The need for Right to Information has been widely felt in all sectors of the country and this has also received judicial recognition through some landmark judgements of Indian courts.

A Supreme Court judgement delivered by Mr. Justice Mathew is considered a landmark. In his judgement in the state of UP vs. Raj Narain (1975) case, Justice Mathew rules-In a government of responsibility like ours, where all the agents of the public must be responsible for their conduct, there can be but few secrets. The people of this country have a right to know every public act, everything that is done in a public way by their public functionaries. They are entitled to know the particulars of every public transaction in all its bearing. Their right to know, which is derived from the concept of freedom of speech, though not absolute, is a factor which should make one wary when secrecy is claimed for transactions which can at any rate have no repercussion on public security. But the legislative wing of the State did not respond to it by enacting suitable legislation for protecting the right of the people.

According to Attorney General Soli Sorabjee – It was in 1982 that the right to know matured to the status of a constitutional right in the celebrated case of S P Gupta vs. Union of India (AIR) 1982 SC (149), popularly known as Judges case. Here again the claim for privilege was laid before the court by the Government of India in respect of the disclosure of certain documents. The Supreme Court by a generous interpretation of the guarantee of freedom of speech and expression elevated the right to know and the right to information to the status of a fundamental right, on the principle that certain unarticulated rights are immanent and implicit in the enumerated guarantees.

The court declared – The concept of an open government is the direct emanation from the right to know which seems to be implicit in the right of free speech and expression guaranteed under article 19 (1) (a).

The Supreme Court of India has emphasized in the SP Gupta case (1982) that open Government is the new democratic culture of an open society towards which every liberal democracy is moving and our country should be no exception. In a country like India which is committed to socialistic pattern of society, right to know becomes a necessity for the poor, ignorant and illiterate masses.

In 1986, the Bombay High Court followed the SP Gupta judgement in the well-known case Bombay Environmental Group and others vs.
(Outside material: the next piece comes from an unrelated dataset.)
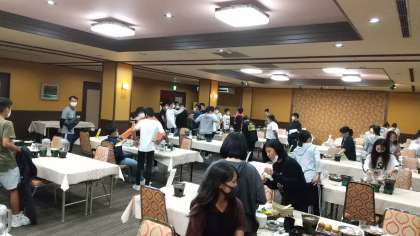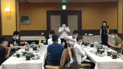 夕食が終わりました、テキパキ後片付け。この後レクリエーションが始まります。

Pune Cantonment Board.

The Bombay High Court distinguished between the ordinary citizen looking for information and groups of social activists. This was considered a landmark judgment concerning access to information.

There are various states in India like Maharashtra etc which have adopted this right to information and they follow a simple clear cut laid out guidelines in order to secure the right to information to their citizens. One of the most fundamental aspect that this legislation should contain is that there needs to an utmost level of transparency, the government, if enacts this legislation it should not be full of conditions and ambiguity because that instead of bringing about the level of trust and faith in the public exchequer will instead create a sense of insecurity in the public. The government is free to decide as to what all avenues are not to be disclosed and accordingly in the short title of the said act, this must be made clear. The act must not be full of the “ifs” and the “buts” and nor it should have a condition allotted with every sub-clause. The act should be made keeping in the mind the mental framework of the public and also it should be made in order to cater to the public to secure its trust in the government agencies.

Thus all that can be said about this right of securing the right to information is that it is a very necessary legislation and the government must enact this legislation in order to secure the high levels of transparency in the affairs of the government and realize and give the true meaning of the word democracy.